Monday, September 9, 2013

How to Counter FIIS in Indian Markets.



This refers to your editorial Reducing FII dependency (Business Line, September 9,2013) It is rightly said that there is  a paramount need  to counter FIIs influence in our financial market  in general and forex market in particular and the Pension Fund Regulatory can create a strong domestic institutional investor base in the long run., The  fact that FIIS  are able to dictate terms to the  capital and forex market since the days of liberalization of our economy despite the presence of Insurance Institutions, Mutual Funds, Provident Fund,  banks and a whole lot of whole sale and retail traders only reflects the weakness of our markets and these investors.  It is high time our investors and the authorities have a strategy to counter FIIS and see that some semblance of order prevails in the market and the volatility is range bound and some what predictable and manageable. The buy and sell policy of domestic institutions has to necessarily counter the buy and sell strategy of FIIS.

The suggestion to attract Indian households savings to capital market in this context is very apt and worth attempting. This requires incentives and a good amount of marketing. SEBI and the government have to work jointly to provide some incentives for retailers to enter the capital market.

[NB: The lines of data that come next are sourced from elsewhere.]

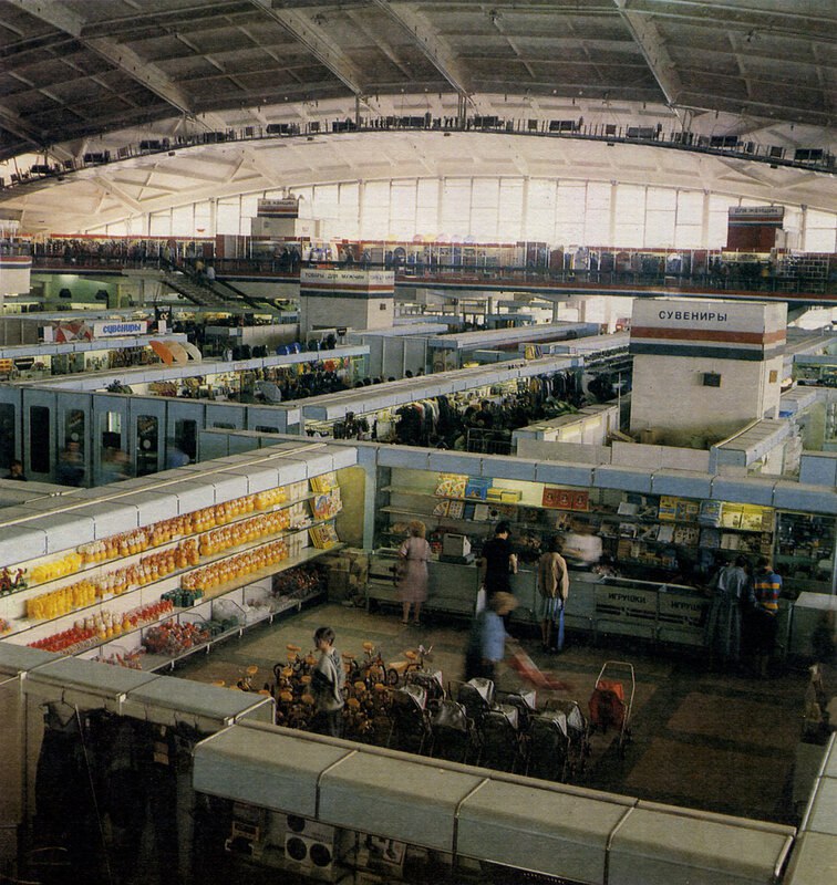 Гигантский летящий купол без единой колонны-опоры, несколько тысяч квадратных метров, десятки отделов с дефицитными товарами. «Если вы потерялись, встречайтесь в центре зала у фонтана», — вещал приятный женский голос из репродуктора. Ежедневно магазин посещали до 150 тысяч покупателей, которые оставляли в кассах до полумиллиона рублей. По советскому-то курсу!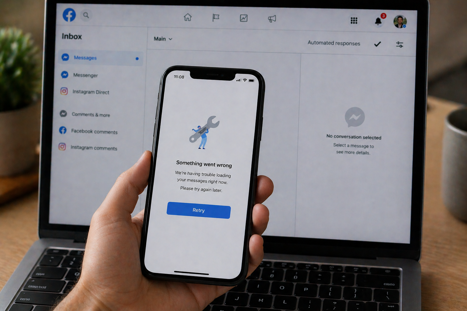 Inbox depends on multiple services, so it can fail independently. Use Meta’s troubleshooting guide as your baseline steps, because it aligns with the idea that messages and comments surfaces can have distinct issues: Troubleshoot Inbox issues.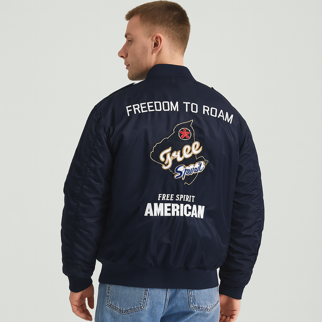 Diese lässige Bomberjacke vereint Komfort mit robuster Ausstrahlung. Das dicke Nylon und das gestickte Rückendetail machen sie perfekt für entspannte Outfits und Streetwear-Looks.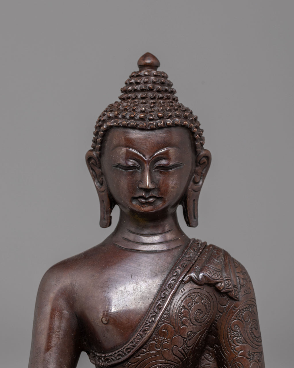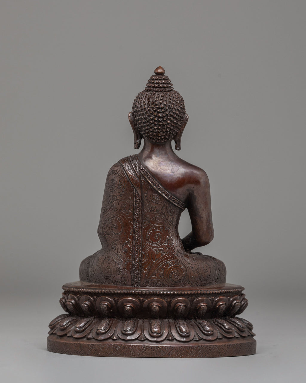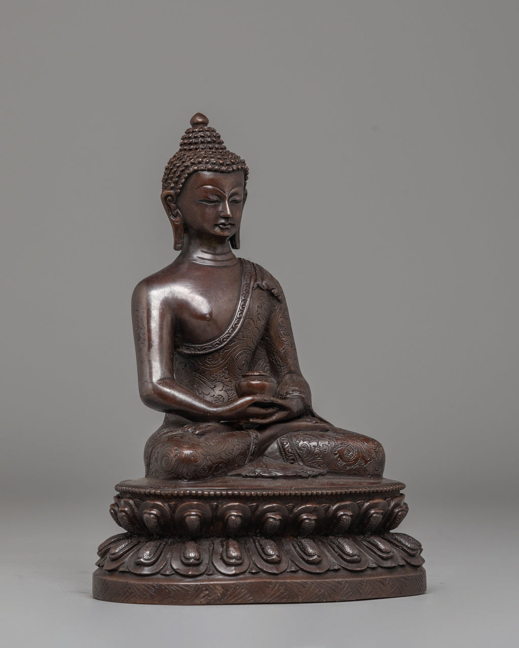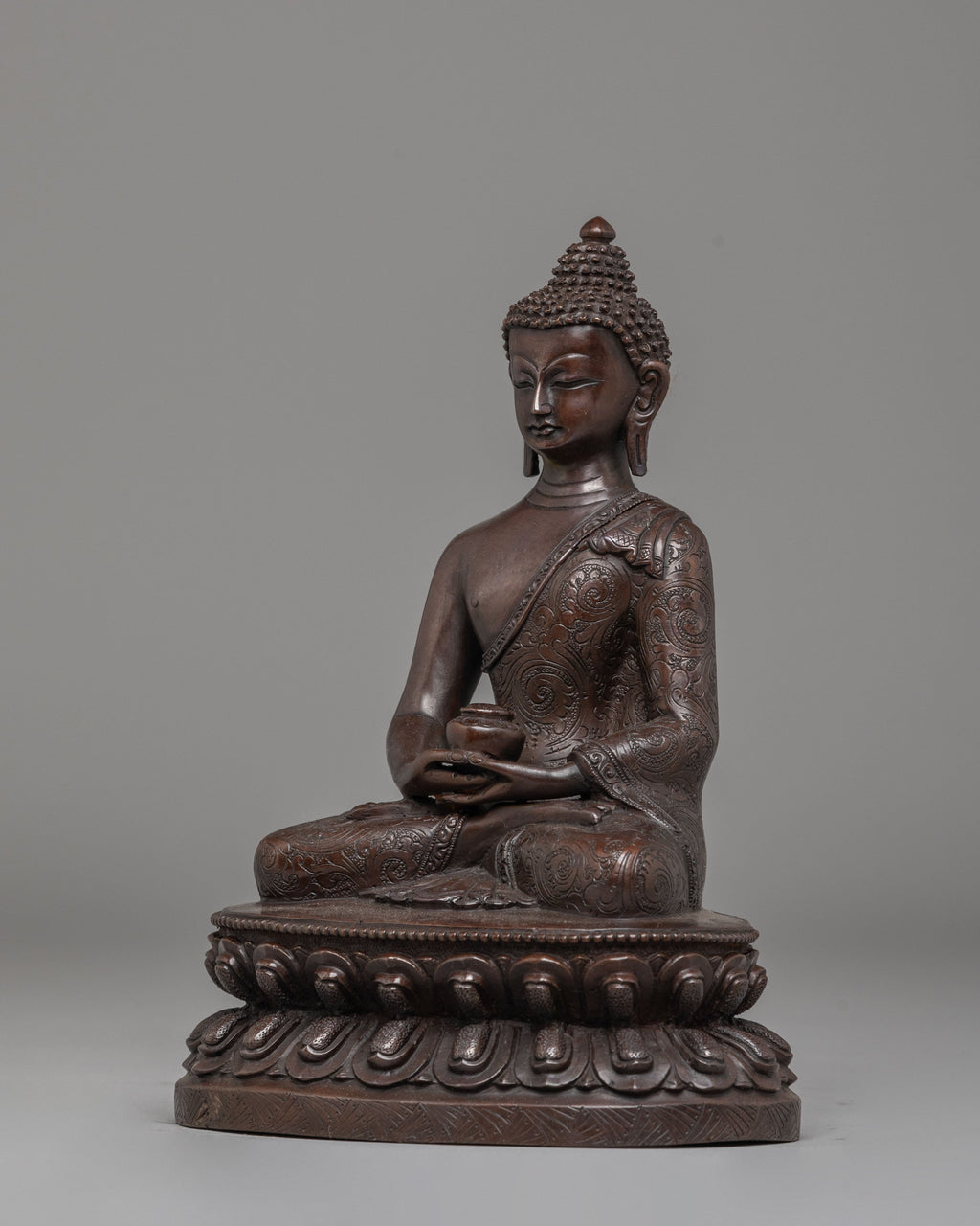This Amitabha Buddha statue is an intricately handcrafted piece produced in our studio and designed with unique Nepali motifs. This is entirely comprised of oxidized copper, giving it its final elegant look. Here in the statue, the Buddha can be seen peacefully sitting upon a moon disc lotus with an alms bowl over his lap, carried by his two hands, which are in the precise position of a 'Dhyan Mudra,' a characteristic hand gesture of Amitabha Buddha.

Some of these could be tax exemption up to Rs one lakh of investments in the Capital market, granting of  Loyalty bonus to shareholders who do not trade the shares and retain them for a minimum period of two years, tax incentives to companies who hold maximum retail holdings of shares and who declare regular and high dividends , and using STT as a major tool to  have a check on the buys and sells. The NRI’s should have attractive and flexible rules to invest in the market and this should be widely publicized. 
Dr.T.V.Gopalakrishnan
(This comment is in response to the editorial Reducing FII dependency that appearedin BL dated 9/9/13).